====== The data
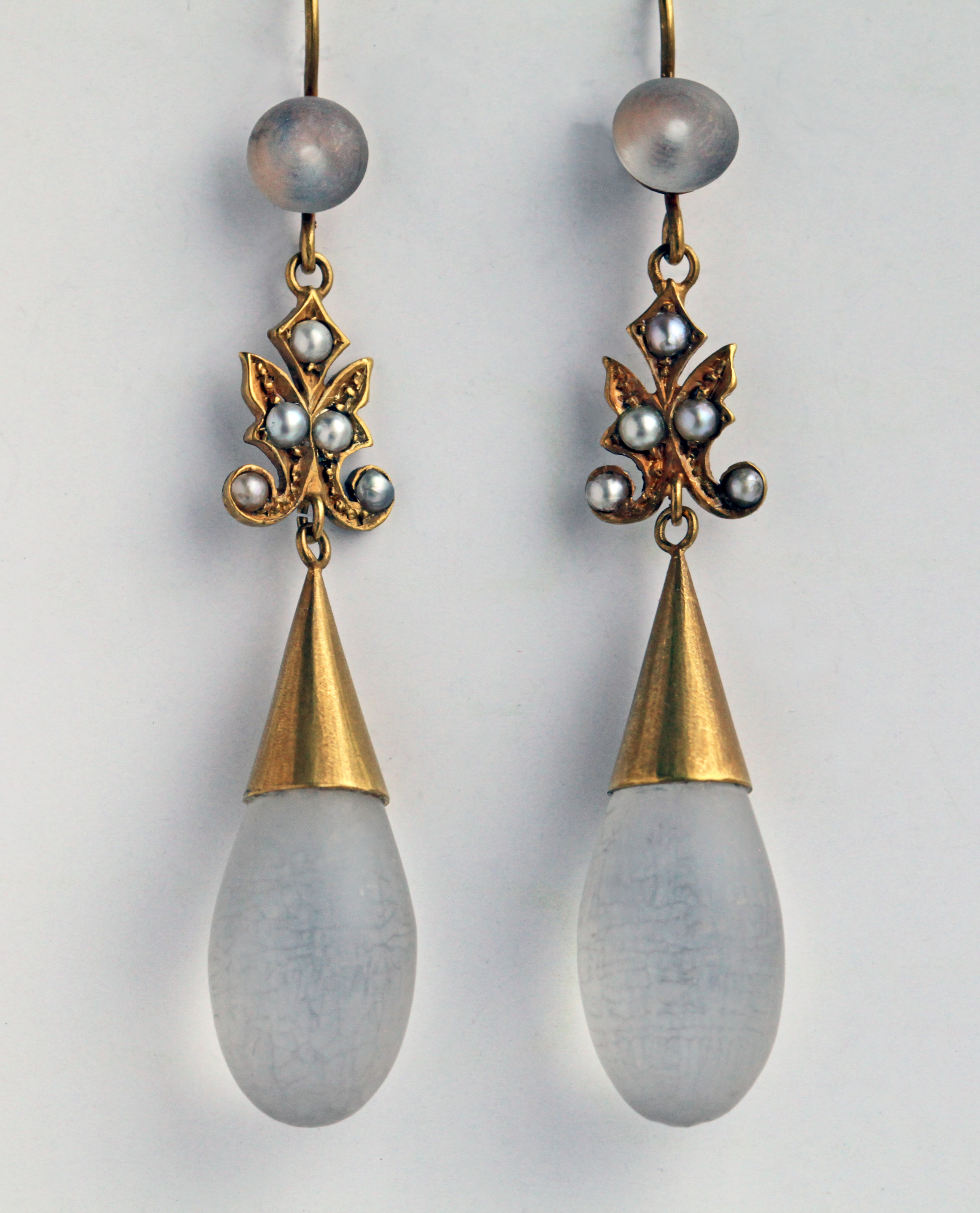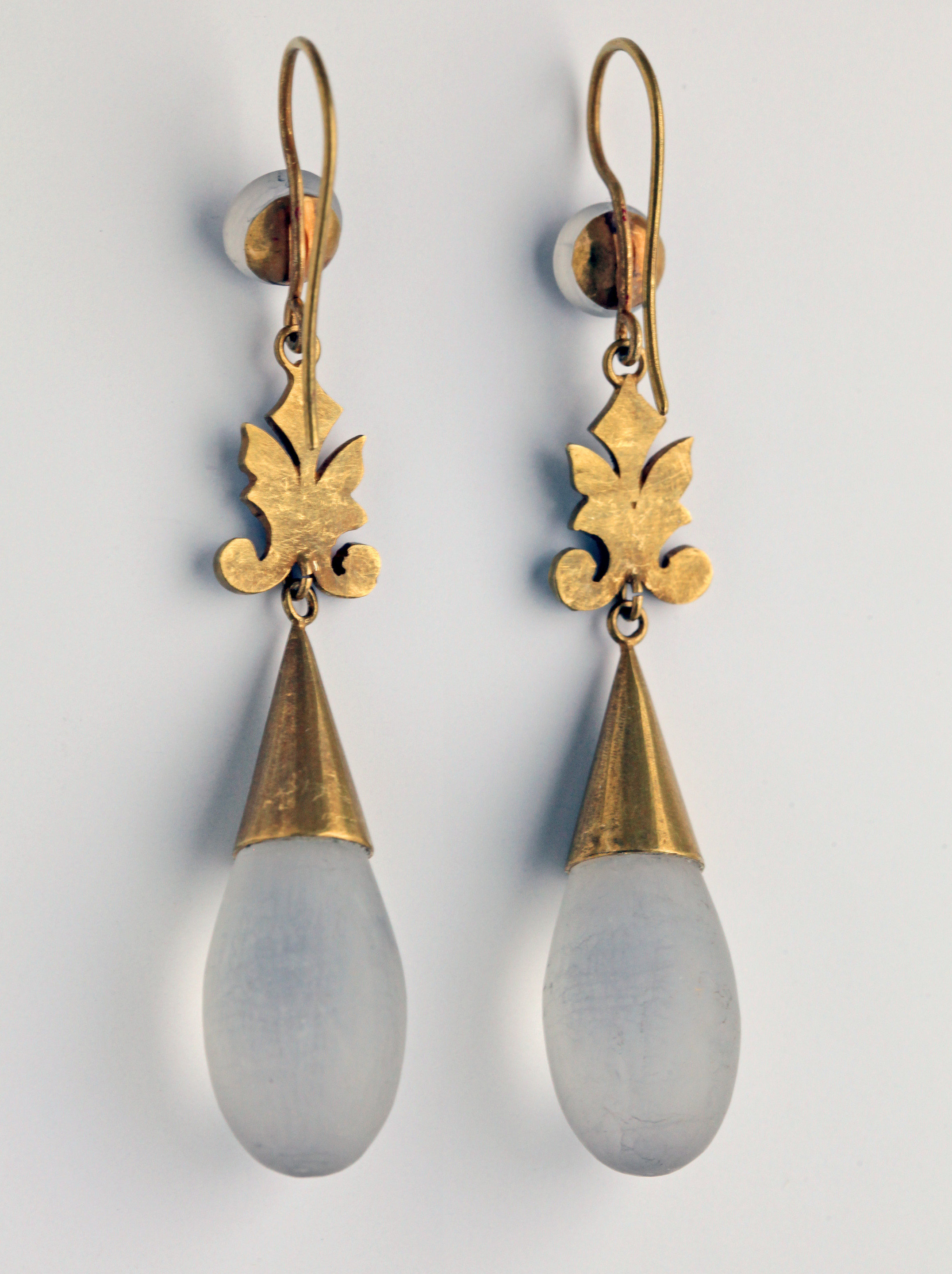 The frosted chalcedonies are a pretty colour, smooth & lovely to touch. Shepherd hooks for pierced ears. Suitable for a bride.
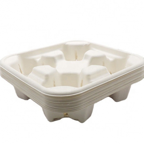ถาดใส่เครื่องดื่มใยอ้อยแบบใช้ซ้ำได้ 4 ถ้วย
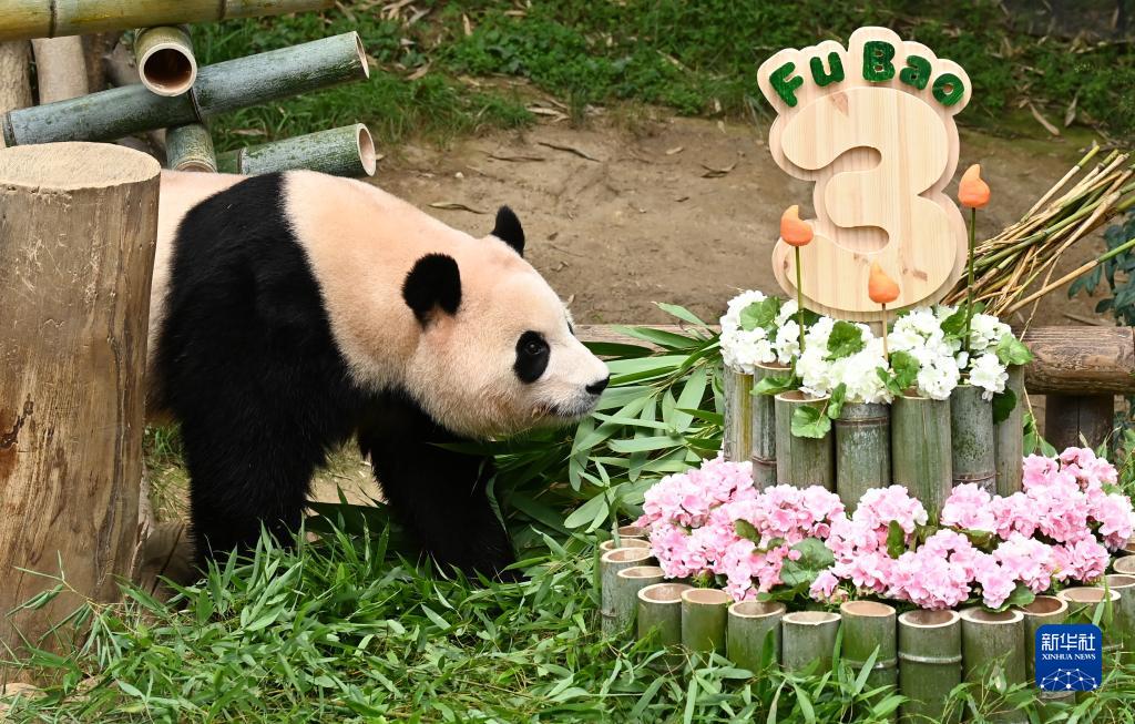 當日,在韓國出生的大熊貓“福寶”迎來(lái)3歲生日,園區制作了由竹子和胡蘿卜組成的“蛋糕”為其慶生。
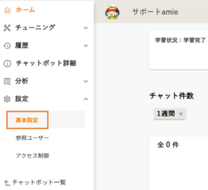 該当チャットが開けたら、サイドメニューから基本設定を開きます。
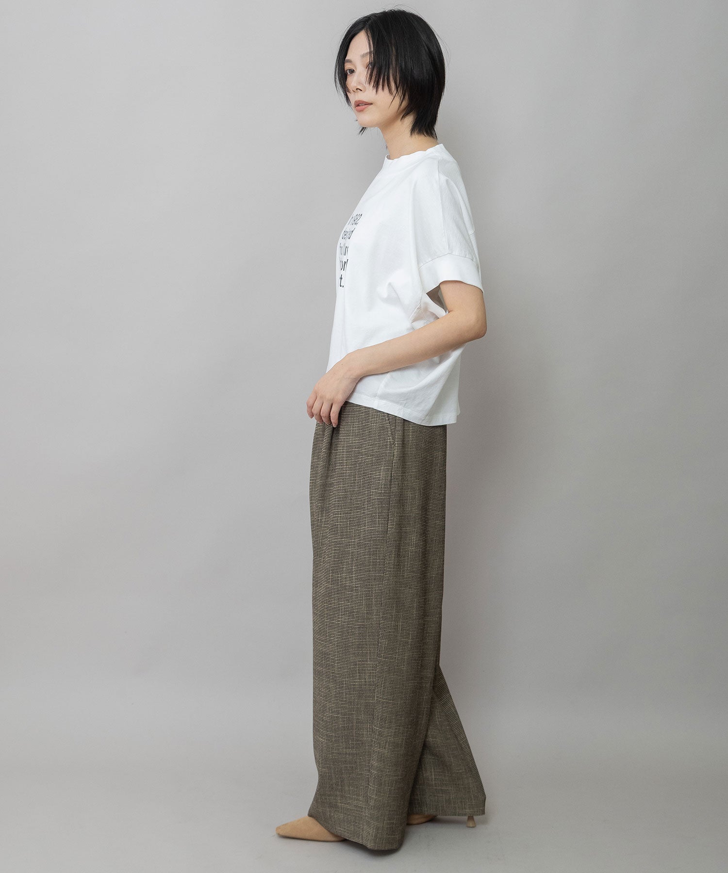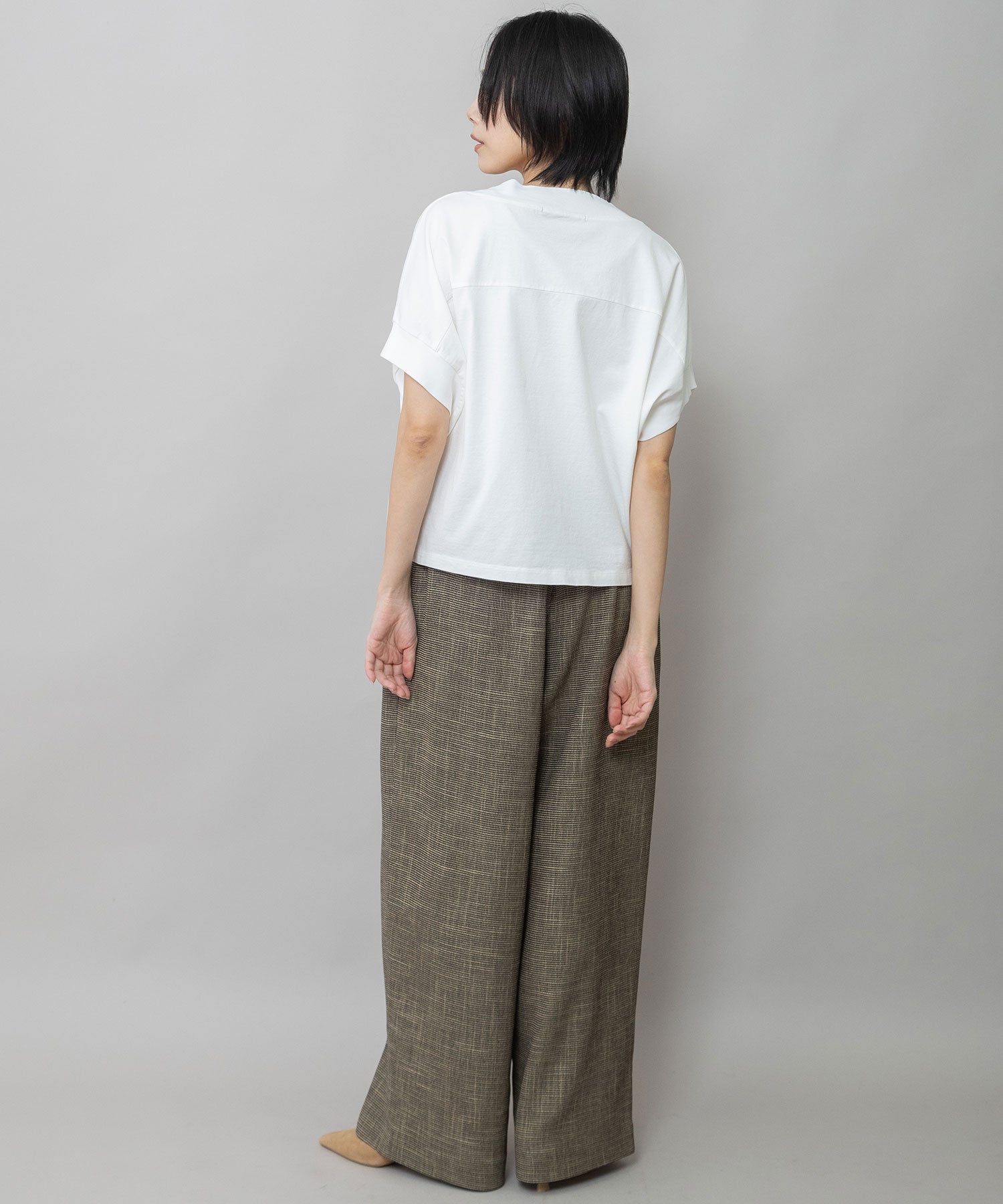 きれいめですが程良くドライタッチな質感もあり、季節問わず使える素材感に仕上がっています。
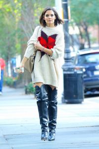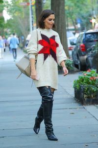 そんなケイティが、珍しく気合の入ったファッションで外出している姿がキャッチされた。スマートフォンを片手にニューヨークの街を歩くケイティは、オーバーサイズのニットワンピースにニーハイブーツのカジュアルな出で立ち。クリーム色のざっくりとしたニットはかなりのミニ丈で、胸には大きなポインセチア柄がデザインされている。
============
_The task:_ Set down the entries above word for word, but drop any image.

_Response for this exercise:_
 The frosted chalcedonies are a pretty colour, smooth & lovely to touch. Shepherd hooks for pierced ears. Suitable for a bride.
ถาดใส่เครื่องดื่มใยอ้อยแบบใช้ซ้ำได้ 4 ถ้วย
 當日,在韓國出生的大熊貓“福寶”迎來(lái)3歲生日,園區制作了由竹子和胡蘿卜組成的“蛋糕”為其慶生。
 該当チャットが開けたら、サイドメニューから基本設定を開きます。
 きれいめですが程良くドライタッチな質感もあり、季節問わず使える素材感に仕上がっています。
 そんなケイティが、珍しく気合の入ったファッションで外出している姿がキャッチされた。スマートフォンを片手にニューヨークの街を歩くケイティは、オーバーサイズのニットワンピースにニーハイブーツのカジュアルな出で立ち。クリーム色のざっくりとしたニットはかなりのミニ丈で、胸には大きなポインセチア柄がデザインされている。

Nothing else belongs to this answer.